Changes made: SSH key configured, 4 vcpu, 4gb ram.

US East 2 – 9.2 Gbits/sec network – 286.33 MB/sec memory – 10.6 seconds for 1000 threads

  • West: ubuntuserver140412-ubuntuvirtiox2test-zsssbmzc.srv.ravcloud.com
  • East: ubuntuserver140412-ubuntuvirtiox2test-pamjktwc.srv.ravcloud.com

US Central 1 – 6.0 Gbits/sec network – 272.59 MB/sec memory – 11.2 seconds for 1000 threads

  • West: ubuntuserver140412-ubuntubaremetal-48fveqxh.srv.ravcloud.com
  • East: ubuntuserver140412-ubuntubaremetal-w7ig42rz.srv.ravcloud.com

US East 5 – 11.2 Gbits/sec network – 1308.36 MB/sec memory – 2.1 seconds for 1000 threads

  • West: ubuntuserver140412-ubuntuvirtiox2east-w3bsd56k.srv.ravcloud.com
  • East: ubuntuserver140412-ubuntuvirtiox2east-insladvj.srv.ravcloud.com

Steps followed

  1. From your admin PC…
  2. Use a web browser create a 2 node ubuntu application
  3. login to each node: ssh -i ssh-key.pem ubuntu@host-name
  4. sudo add-apt-repository “ppa:patrickdk/general-lucid”; sudo apt-get -y update; sudo apt-get -y install iperf3 bonnie++ sysbench
  5. save application as a blueprint
  6. publish blueprint to various sites and then test as follows…
  7. ssh -i ssh-key.pem ubuntu@east-host-name
    1. ip a ← shows ip address of 10.0.0.3
    2. iperf3 -s
  8. ssh -i ssh-key.pem ubuntu@west-host-name
    1. ip a
    2. iperf3 -c 10.0.0.3 ← starts test from client on west to server on east
  9. record results for each site above
  10. run memory test – sysbench –test=memory run

Here’s a screenshot where you can see the iPerf3 output showing throughput differences between the same 2 node ubuntu blueprint published to US East 2 and US East 5 sites.
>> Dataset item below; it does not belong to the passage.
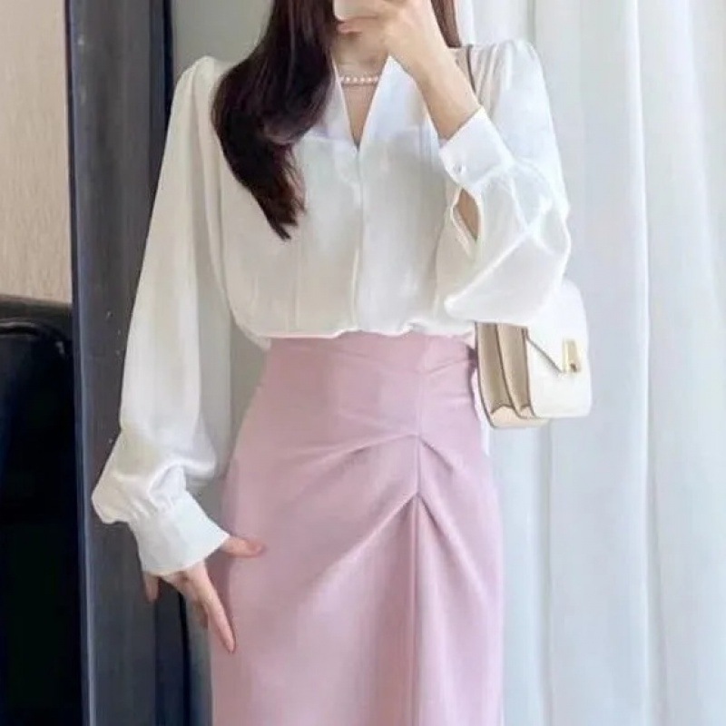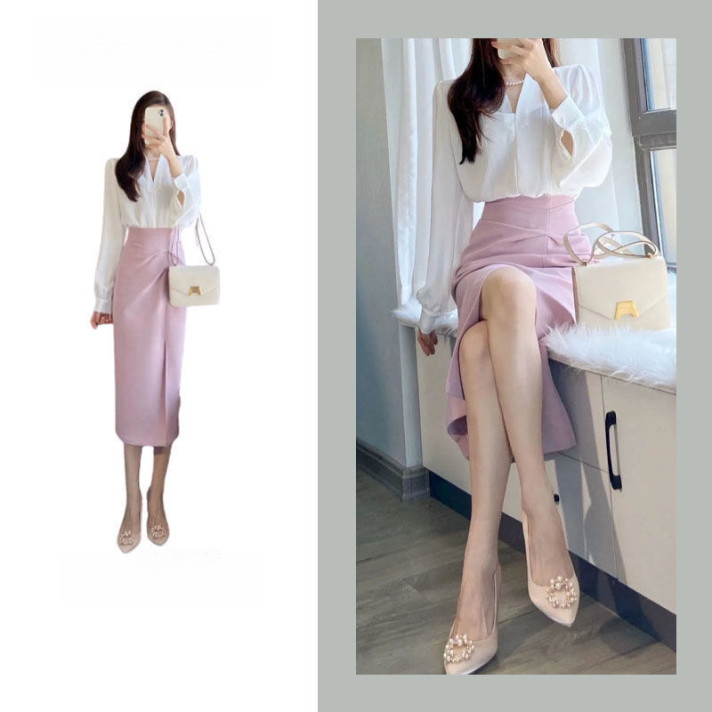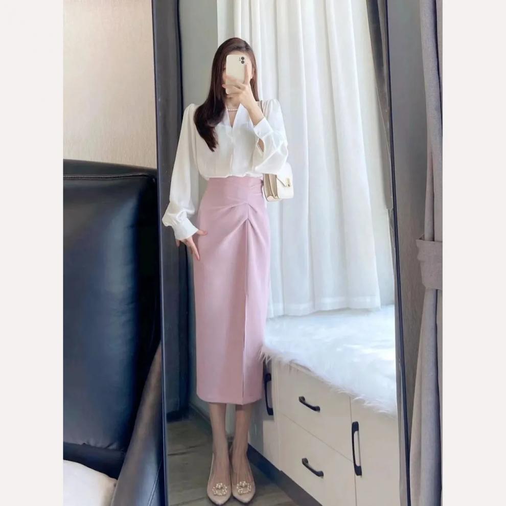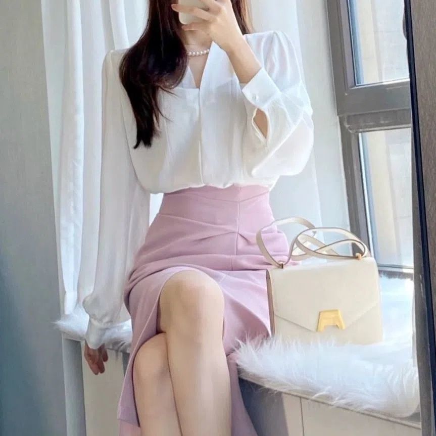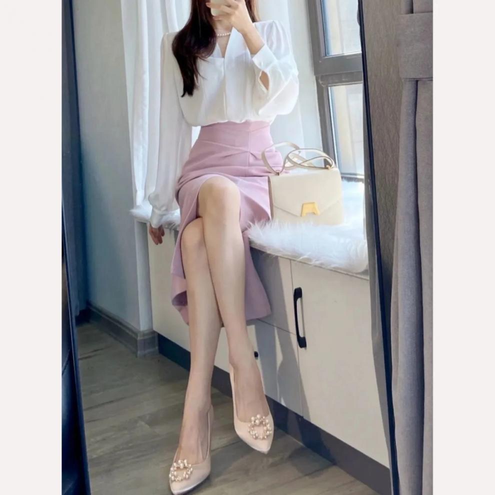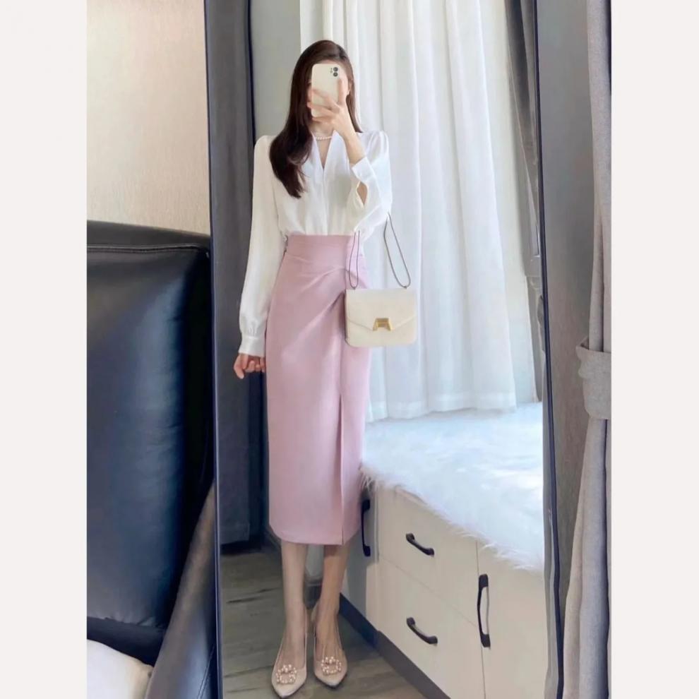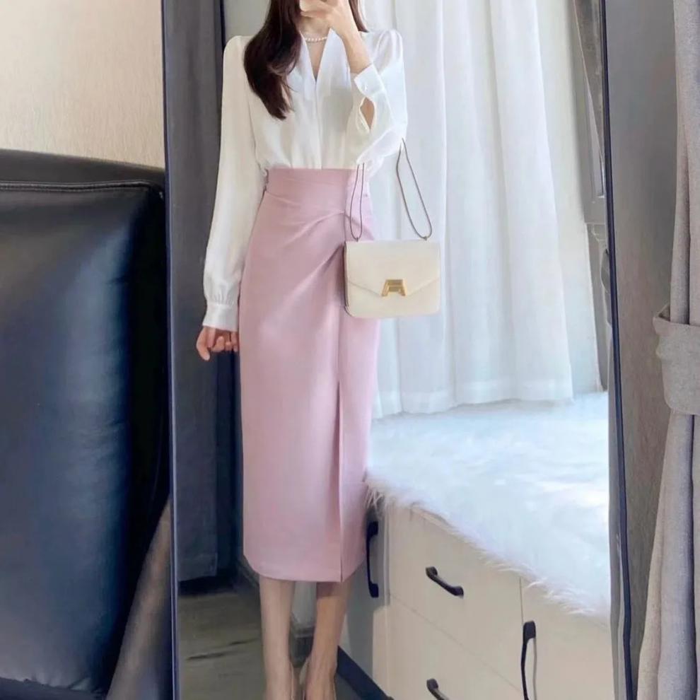 새로운 봄 높은 허리 핑크 스커트 투피스 우아한 여신 팬 전문 통근자 착용 셔츠 세트 여성

From my mac laptop I was able to quickly spin up the same blueprint of 2 VMs in 2 different sites (4 VMs) within a few minutes and run these test workloads. By default the VMs run for 2 hours then they suspend automatically but you can extend this as long as you need. There’s also a full RESTful API available for integration with your Continuous Integration Software Development Lifecycle.

Tools used

iperf3

The ultimate speed test packet generator tool for TCP, UDP and SCTP
iPerf3 is a tool for active measurements of the maximum achievable bandwidth on IP networks. It supports tuning of various parameters related to timing, buffers and protocols (TCP, UDP, SCTP with IPv4 and IPv6). For each test it reports the bandwidth, loss, and other parameters. This is a new implementation that shares no code with the original iPerf and also is not backwards compatible. iPerf was originally developed by NLANR/DAST. iPerf3 is principally developed by ESnet / Lawrence Berkeley National Laboratory. It is released under a three-clause BSD license. Here are just some of the features:

  • TCP and SCTP
  • Measure bandwidth
  • Report MSS/MTU size and observed read sizes.
  • Support for TCP window size via socket buffers.
  • UDP
  • Client can create UDP streams of specified bandwidth.
  • Measure packet loss
  • Measure delay jitter
  • Multicast capable
  • Cross-platform: Windows, Linux, Android, MacOS X, BSD

iperf3 command options

$ iperf3 -v

iperf 3.0.7

Linux 3.16.0-31-generic #41~14.04.1-Ubuntu SMP Wed Feb 11 19:30:13 UTC 2015 x86_64 x86_64 x86_64 GNU/Linux

Usage: iperf [-s|-c host] [options]

iperf [-h|–help] [-v|–version]

Server or Client:

-p, –port # server port to listen on/connect to

-f, –format [kmgKMG] format to report: Kbits, Mbits, KBytes, MBytes

-i, –interval # seconds between periodic bandwidth reports

-F, –file name xmit/recv the specified file

-A, –affinity n/n,m set CPU affinity

-B, –bind bind to a specific interface

-V, –verbose more detailed output

-J, –json output in JSON format

-d, –debug emit debugging output

-v, –version show version information and quit

-h, –help show this message and quit

Server specific:

-s, –server run in server mode

-D, –daemon run the server as a daemon

Client specific:

-c, –client run in client mode, connecting to

-u, –udp use UDP rather than TCP

-b, –bandwidth #[KMG][/#] target bandwidth in bits/sec (0 for unlimited)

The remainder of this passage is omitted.